Poor VM performance with "Lock was not free" errors

Products

VMware vSphere ESXi

Issue/Introduction

One or more VMs has poor VM performance or may become unresponsive
I/O errors are reported against some VM files
Logs report frequent warnings of "Lock was not free" against the vmfs datastore that VM(s) reside on
Hostd may report that certain threads related to VM file access are slow/stuck for extended periods, e.g.:

Hostd[2099168] [Originator@6876 sub=IoTracker] In thread 2099146, fopen("/vmfs/volumes/########-########-####-############/<VM_name>/<VM_name>.vmx") took over 267 sec.
Hostd[2099144] [Originator@6876 sub=IoTracker] In thread 2099176, fopen("/vmfs/volumes/########-########-####-############/<VM_name>/<VM_name>.vmx") took over 1885 sec.
Hostd[2099179] [Originator@6876 sub=IoTracker] In thread 2099167, fopen("/vmfs/volumes/########-########-####-############/<VM_name>/<VM_name>.vmx") took over 1595 sec.

Environment

VMware vSphere ESXi 7.0.x
VMware vSphere ESXi 8.0.x

Cause

These symptoms may arise where there is a high degree of lock contention on the VMFS datastore.

Note that a degree of lock contention is normal and expected on ESXi hosts accessing shared storage. Lock contention becomes an issue where a host fails to acquire a specific datastore lock for an extended period due to the lock being held by another host.

Identify lock contention:
When a host accesses a lock at a specific offset, the lock version is incremented. If a lock has the same version on repeated attempts to access it, this means that lock has been held and not released for the duration of these attempts.

Logging of the following type will be seen om vmkernel.log:

<timestamp> cpu3:2315260)DLX: 4333: vol '<datastoreName>', lock at 248979456: [Req mode 1] Checking liveness:
<timestamp> cpu3:2315260)[type 10c00001 offset 248979456 v 137952457, hb offset 3440640
gen 371, mode 1, owner ########-########-####-############ mtime 50755437
num 0 gblnum 0 gblgen 0 gblbrk 0]

<timestamp> cpu0:4227286)DLX: 4985: vol '<datastoreName>', lock at 20955136: [Req mode: 1] Not free:
<timestamp> cpu0:4227286)[type 10c00002 offset 20955136 v 1672, hb offset 3735552
gen 8065, mode 1, owner #######-########-####-############ mtime 34117143
num 0 gblnum 0 gblgen 0 gblbrk 0] alloc owner 3735552

E.g. the following output lists number of attempts to access a lock (first column), the lock offset (second column), the lock version (third column):
grep -Ei -A1 "checking liveness|not free" vmkernel.log | grep offset | awk '{print $7,$9}'|sort | uniq -c | sort -r | less
57 240992438 76,
49 240955673 108,
47 160571391 46,
43 187776960 59,
32 190488438 99,
...

Note: logging may vary slightly between versions

Resolution

Identify if one host is predominantly the holder of locks under contention, e.g.:

grep -Ei -A2 "checking liveness|not free" vmkernel.* | grep owner | awk '{print $9}'|sort | uniq -c | sort -r
4773 <ESXi host UUID_1>
1 <ESXi host UUID_2>
1 <ESXi host UUID_3>
1 <ESXi host UUID_4>

Place this host into maintenance mode and reboot the host.

If there is no one host which is causing the issue:

Perform general storage checks (configuration, drivers/firmware, connectivity issues, errors)
Check for high datastore utilization (> 70%) on impacted datastores, which can increase lock contention.
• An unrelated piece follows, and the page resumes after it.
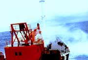 西风带又称盛行西风带,它位于南北半球的中纬度地区。这里常年吹刮偏西风,风速又很大。在北纬40-60度之间多为陆地阻隔,海上大风受此阻力,风速相应降低很多,而南纬40-60度之间几乎全部为辽阔海洋所环绕,表层海水受风力的作用,也产生了一自西向东的环流,由于常年吹刮西风,这个海区里风大浪高流急,航行的船只在这里犹如小球一样,被大浪不断地上下剧烈颠簸,险象环生,很多海员谈起南半球的西风带为之变色。1991年我国“极地”号南极考察船曾经历过那里,当时在船上的记者描述的情景是:“船于1991年3月6日航行到南纬55°处,遇到35米/秒的强风,浪高达20米,山一样的巨浪呼啸着从船尾滚滚而至,将船尾部盘结的粗缆绳全部打散,冲入海里。后甲板上由铆钉固定的1吨重的蒸汽锅连根拔起,像陀螺一样在甲板上滚来滚去,后甲板的门也被巨浪冲破......”这段触目惊心的报道证实了西风带对船只带来了多么大的威胁和险象。

Consider VM storage migration to reduce utilization to attempt to mitigate the issue.
Where lock contention relates to a number of lock offsets which are repeated a source of contention, consider storage migration of VMs on the impacted datastores and hosts, as a possible mitigation.

A good understanding of the pattern of lock contention in the specific case is important for any deeper investigation of the issue.